On 12/08/2017 15:35, Yu Zhang wrote:
> +			ctxt->ops->get_cpuid(ctxt, &eax, NULL, NULL, NULL);
> +			maxphyaddr = eax * 0xff;

This is "&", not "*".  You can also use rsvd_bits here.

> +			rsvd = (~((1UL << maxphyaddr) - 1)) &
> +				~CR3_PCID_INVD;
> +		}
>  
>  		if (new_val & rsvd)
>  			return emulate_gp(ctxt, 0);
> diff --git a/arch/x86/kvm/x86.c b/arch/x86/kvm/x86.c
> index e40a779..d9100c4 100644
> --- a/arch/x86/kvm/x86.c
> +++ b/arch/x86/kvm/x86.c
> @@ -813,10 +813,10 @@ int kvm_set_cr3(struct kvm_vcpu *vcpu, unsigned long cr3)
>  		return 0;
>  	}
>  
> -	if (is_long_mode(vcpu)) {
> -		if (cr3 & CR3_L_MODE_RESERVED_BITS)
> -			return 1;
> -	} else if (is_pae(vcpu) && is_paging(vcpu) &&
> +	if (is_long_mode(vcpu) &&
> +	    (cr3 & rsvd_bits(cpuid_maxphyaddr(vcpu), 63)))
> +		return 1;

62 is a little better, since 63 is the PCID invalidate bit.

Paolo

> +	else if (is_pae(vcpu) && is_paging(vcpu) &&
>  		   !load_pdptrs(vcpu, vcpu->arch.walk_mmu, cr3))
>  		return 1;
>

Yu Zhang Aug. 14, 2017, 11:39 a.m. UTC | #2

On 8/14/2017 3:36 PM, Paolo Bonzini wrote:
> On 12/08/2017 15:35, Yu Zhang wrote:
>> +			ctxt->ops->get_cpuid(ctxt, &eax, NULL, NULL, NULL);
>> +			maxphyaddr = eax * 0xff;
> This is "&", not "*".  You can also use rsvd_bits here.

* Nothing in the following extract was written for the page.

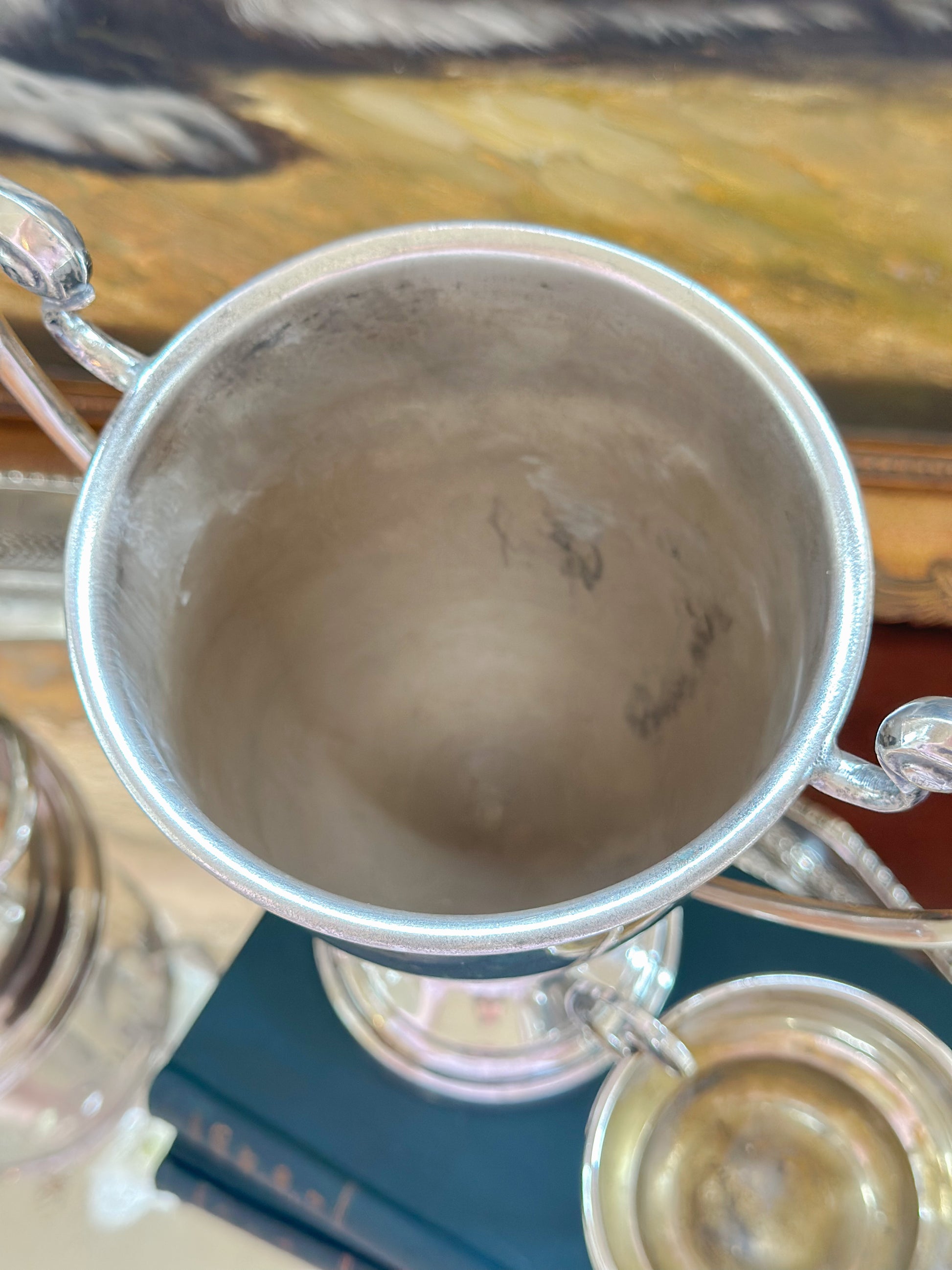 Condition Notes: Wear to surface of cup as expected, patina remains consistently around the surface of the cup after polishing, small dents around base of pedestal

Oops. Sorry for the typo. :-)

>> +			rsvd = (~((1UL << maxphyaddr) - 1)) &
>> +				~CR3_PCID_INVD;
>> +		}
>>   
>>   		if (new_val & rsvd)
>>   			return emulate_gp(ctxt, 0);
>> diff --git a/arch/x86/kvm/x86.c b/arch/x86/kvm/x86.c
>> index e40a779..d9100c4 100644
>> --- a/arch/x86/kvm/x86.c
>> +++ b/arch/x86/kvm/x86.c
>> @@ -813,10 +813,10 @@ int kvm_set_cr3(struct kvm_vcpu *vcpu, unsigned long cr3)
>>   		return 0;
>>   	}
>>   
>> -	if (is_long_mode(vcpu)) {
>> -		if (cr3 & CR3_L_MODE_RESERVED_BITS)
>> -			return 1;
>> -	} else if (is_pae(vcpu) && is_paging(vcpu) &&
>> +	if (is_long_mode(vcpu) &&
>> +	    (cr3 & rsvd_bits(cpuid_maxphyaddr(vcpu), 63)))
>> +		return 1;
> 62 is a little better, since 63 is the PCID invalidate bit.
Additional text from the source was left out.